The total amount received by Departments is £1,506 million. It is greater than the borrowing for 1987 which is estimated at £1,200 million. It is greater than the excise duties for the entire year estimated at £1,449 million. It is about 60 per cent of the entire receipts from income tax, £2,722 million. It is almost equal to what we get in value-added tax for the year at £1,631 million. Yet it is simply included as a deduction on the expenditure side rather than having a heading on its own on the receipt side, which it should have. We should examine that area as a possible revenue earner. Who checks whether this £1,506 million income to these Departments represents value for money? Who checks whether whatever services or products are given in return for those receipts, perhaps it is licences in some cases, are value for money? It does not indicate that supply services receipts are taken seriously when they are simply inserted as a deduction on the expenditure side rather than a receipt on the receipt side where they can be compared annually as a percentage of the total expenditure as are customs and excise duties, capital taxes, income tax, corporation tax and VAT. That should be done. There may be an opportunity to raise funds for the State in this area where I suspect there is undercharging at present and the State probably does not get value for money.

As spokesman on urban renewal I will have more than a passing interest in the Department of the Environment in the coming year or two. The revised Estimate for that Department for this year is over £865 million. A provision of £100 million was made by the outgoing Government for special amenity projects. Most of that has been suspended in the Dublin area. That is being very shortsighted. We are abolishing grants which have a great employment potential in order to bring forward social welfare payments and in order to refund land tax. It is a very worthy objective to bring forward social welfare payments. I am sure every Member of the House is sorry that we cannot bring them forward to 1 April. About £2,200 million is spent by the Department of Social Welfare, the biggest spending Department of the State by far. There can be little doubt that there is wasteful spending in that Department. Would it not be possible for the Comptroller and Auditor General to look at the duplication and replication in that Department and to cut out the wasteful spending. Then let us give an increase to those who are in need of social welfare.

Some people in receipt of social welfare do very badly. For instance, single men or women living alone on unemployment assistance do extremely badly because it is very hard to live on £37 or £38 a week and pay for food, light and heat. I would like it if we could give these people increases and the way to do that would be to cut out the wasteful expenditure in the Department of Social Welfare.
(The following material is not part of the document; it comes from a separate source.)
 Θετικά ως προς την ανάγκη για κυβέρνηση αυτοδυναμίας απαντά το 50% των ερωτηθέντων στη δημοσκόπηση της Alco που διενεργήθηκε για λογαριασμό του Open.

There is a lot said about unmarried mothers. In the age we are living in there are very few families, in the extended family sense, who do not have some knowledge or association with this trend. There is a great tolerance in society for these people, but where there are five, six, seven, eight or nine children, should we not be asking ourselves where are these unmarried fathers? What are their responsibilities to these children? They simply walk away from them. We should look at unmarried fathers and see what their responsibilities are. Does anybody ask these men if they are willing to make a contribution to the upkeep of these children? Surely these men do not think they can walk away from their responsibilities and have the hard pressed taxpayers — who have children to rear, mortgages to pay, and who are finding it hard to make ends meet — pay taxes to fund the unmarried fathers' responsibilities? Some thought should be given to the role of unmarried fathers. If people know they will be pursued for maintenance, many of them will be much more responsible. Members of this House will have sympathy for people who are in difficulties, but we should be looking at the responsibility of unmarried fathers. This is an area on which we should get some statistics.
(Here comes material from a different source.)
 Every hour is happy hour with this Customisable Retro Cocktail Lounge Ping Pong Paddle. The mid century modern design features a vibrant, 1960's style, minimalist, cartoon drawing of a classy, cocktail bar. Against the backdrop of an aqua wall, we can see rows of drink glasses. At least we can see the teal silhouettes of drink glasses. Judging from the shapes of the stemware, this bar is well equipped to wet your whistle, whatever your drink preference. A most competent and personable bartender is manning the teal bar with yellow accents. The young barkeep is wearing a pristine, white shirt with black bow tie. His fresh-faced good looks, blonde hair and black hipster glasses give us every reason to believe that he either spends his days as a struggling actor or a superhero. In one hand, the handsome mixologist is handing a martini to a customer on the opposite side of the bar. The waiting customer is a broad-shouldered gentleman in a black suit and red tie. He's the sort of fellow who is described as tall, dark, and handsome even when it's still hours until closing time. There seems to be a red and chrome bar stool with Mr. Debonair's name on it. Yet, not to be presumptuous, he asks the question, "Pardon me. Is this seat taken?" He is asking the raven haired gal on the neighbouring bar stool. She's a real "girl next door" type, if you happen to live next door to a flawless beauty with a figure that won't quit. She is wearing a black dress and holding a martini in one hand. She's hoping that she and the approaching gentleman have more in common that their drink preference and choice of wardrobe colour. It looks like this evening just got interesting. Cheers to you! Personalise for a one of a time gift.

If we were to find savings in the area of social welfare by cutting out wasteful spending, we could then continue to fund the special amenity projects which have been suspended. We could continue with the home improvements grants for which £100 million was provided in the Estimates by the outgoing Government. These projects give grants to people who get work done by registered employers, who have their tax liabilities up to date, and who give employment. It is ironic that at a time when there are 250,000 people unemployed we are taking funds out of an area which creates employment to spend in an area which does not help employment. This is another area which needs to be looked at.

I note that the provision in the Estimates for travelling people is not greatly increased. We have many forms of apartheid operating within our community, one being the employed versus the unemployed. There are 250,000 people on the public service payroll who have no rights, who have been priced out of their jobs because the employers cannot afford the increases which have been granted, and who have no work and no future. Travelling people are another group who suffer from a form of apartheid. The travelling people should be treated as adults. They have to take responsibility for themselves. There are indications that in some areas they do not do that. This question needs to be addressed.

This is a small country with a population of 3.5 million. There are enough people in this House to know exactly what the problems are. We should have a parliamentary policy on the travelling people. Many of them want to be settled and in some cases they want temporary settlement on halting sites but local communities will not have them. Each of us comes under pressure when there is any question of settling travelling people in our constituencies. We must have a fair, reasonable and reasoned policy on the travelling people. Their rights and responsibilities need to be defined, set down and implemented but just as firmly we must define the rights and responsibilities of the settled community, once Parliament makes up its mind on what is fair and reasonable. This is an area to which we should address our attention.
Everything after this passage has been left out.